Tanzania seeks to revamp cashew nut sector

by Leonard Magomba

Tanzania is seeking to revamp its defunct cashew nut processing factories to boost production of the crop which brought home $133 million in the year ending February 2011.

Government will also construct more factories, said Hemedi Mkali, the acting Chairman of Tanzania Cashewnut Board (CBT). Most of the former factories that were privatised are not functional in what could be hurting productivity of the sector.

Tanzania’s earnings from cashew nut exports went up 208 per cent during the year ending February 2011, the Bank of Tanzania said in its March 2011 “Monthly Economic Review,” bringing a ray of hope to some 500,000 Tanzanians who engage in small-scale cashew nut farming.

The volume of cashew nut exports went up by 106.9 per cent from 60,300 tonnes to 124,800 tonnes.

“Farmers can no longer export all their nuts, forcing them to sale at low prices. Through value addition, Tanzania will be able to reduce the amount of raw cashew nuts exported and also fetch higher prices,” said Mr Mkali.

Tanzania is Africa’s largest cashew nut grower after Nigeria and Ivory Coast, and the world’s eighth biggest producer. Tanzania’s cashew industry generates at least five per cent of the country’s export earnings.

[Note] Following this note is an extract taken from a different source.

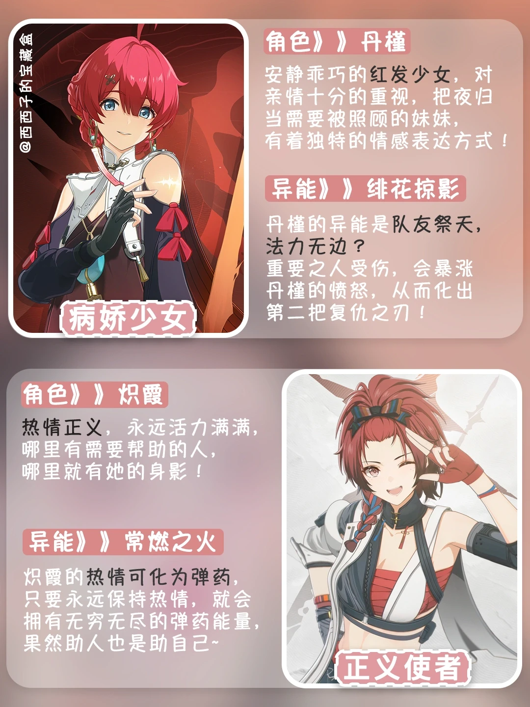 丹槿👉安静乖巧的红发少女,对亲情十分的重视,把整个夜归当需要被照顾的妹妹,❤️有着独特的情感表达方式!

This is the first time in about four years that production of the nuts has increased. Production has been on the decline since 2007, due to the ageing of the cashew nut trees, a reason given by the Agriculture, Food Security and Co-operatives ministry.

Beno Mahagama, director general of CBT said the revival of the factories and better global nut prices could improve earnings from the crop further.

Tandahimba district in Mtwara was the leading producer during the season. Regions known for cashewnut growing include Mtwara, Lindi, Coast, Ruvuma and Dar es Salaam. Production in Coast region has, however, been dwindling over the years as farmers seem to lose interest in the crop.

According to the Africa cashewnut dossier, Africa’s production share in the world stands at 30 per cent; world production currently stands at close to 1.2 million tonnes.

Following nationalisation of the cashew sector in the 1970s and investment in large-scale production plants utilising inefficient technology in the 1980s, the industry has experienced troubled times.

Analysts say a viable processing industry could create 30,000 direct jobs and generate $40 million in incremental processing revenues annually.

Africa was producing 70 per cent of world cashew nuts between 1950 and 1970, but problems in the industry that during the time led to India’s take over of the position.